Qu'est-ce qui déconne alors ? Pourquoi cet affichage soudainement baveux, flou et moiré après connection sur l'écran externe ?
Je le renverrais bien en SAV, mais si on change l'écran ou la carte-mère (sait-on jamais; je crois que la carte video est dedans), va-t-il falloir réinstaller toutes les données et les applis ?


----------



## jo_6466 (13 Mars 2006)

bergamote a dit:
			
		

> Pardonnez ma bêtise, je n'y connais pas grand-chose en physique des écrans
> J'ai testé l'image sur un vidéo-proj : parfaite.
> Donc ce n'est pas la carte vidéo qui est en cause.
> Qu'est-ce qui déconne alors ? Pourquoi cet affichage soudainement baveux, flou et moiré après connection sur l'écran externe ?
> Je le renverrais bien en SAV, mais si on change l'écran ou la carte-mère (sait-on jamais; je crois que la carte video est dedans), va-t-il falloir réinstaller toutes les données et les applis ?
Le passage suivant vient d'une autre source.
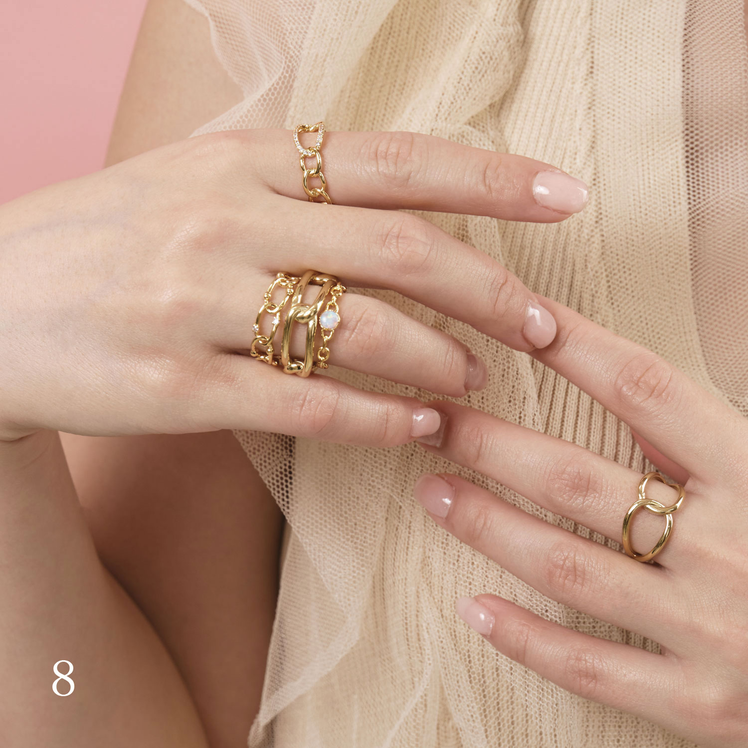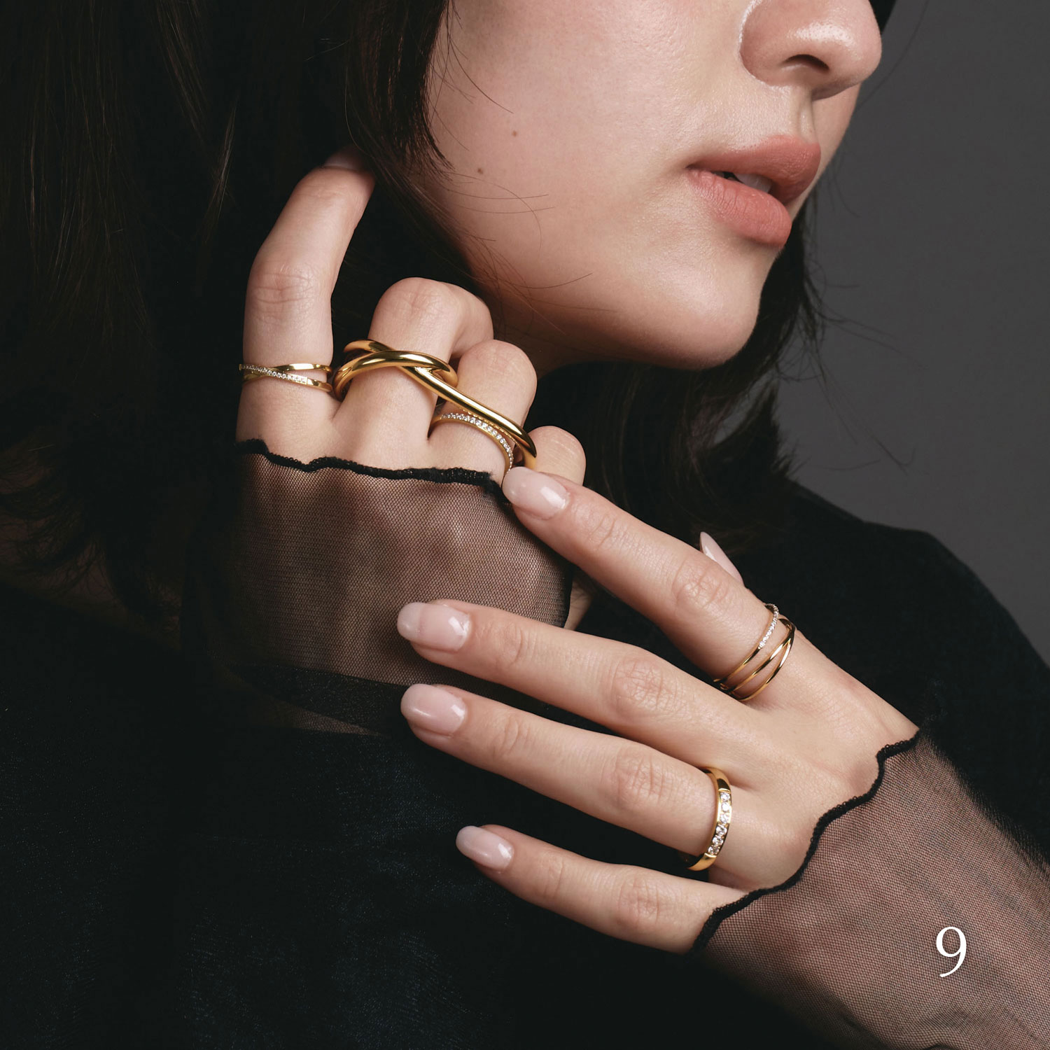 デザインや太さの異なるリングをたっぷりと重ね付け。直線的なデザイン、曲線的なデザイン、カラーストーン…と、テイストを揃えればジャラづけもまとまります。

Tes données sont sur un disque dur qui n'a aucune raison d'être changé donc pourquoi cette crainte?
- J'ai un copain qui a eu un problème de memoire video sur son PB12 et il est revenu son disque dur intact
- j'ai eu moi-même un problème de mémoire ram sur mon ImacG5 et il est revenu le disque dur intact

Non rassures-toi tu peux le renvoyer sans soucis


.


----------



## bergamote (13 Mars 2006)

Merci pour le conseil ! Alors je le renverrai.
J'ai eu deux expériences (mais antérieures de quelques années, il est vrai) où le mac est revenu avec une nouvelle carte mère et une nouvelle carte vidéo, mais un disque nettoyé. Mais ce n'était pas un Power Book et le disque n'était pas partitionné.
Quand même, il a cinq mois, ce mac, et au premier branchement d'écran, paf, la tuile. C'est vraiment vexant.


----------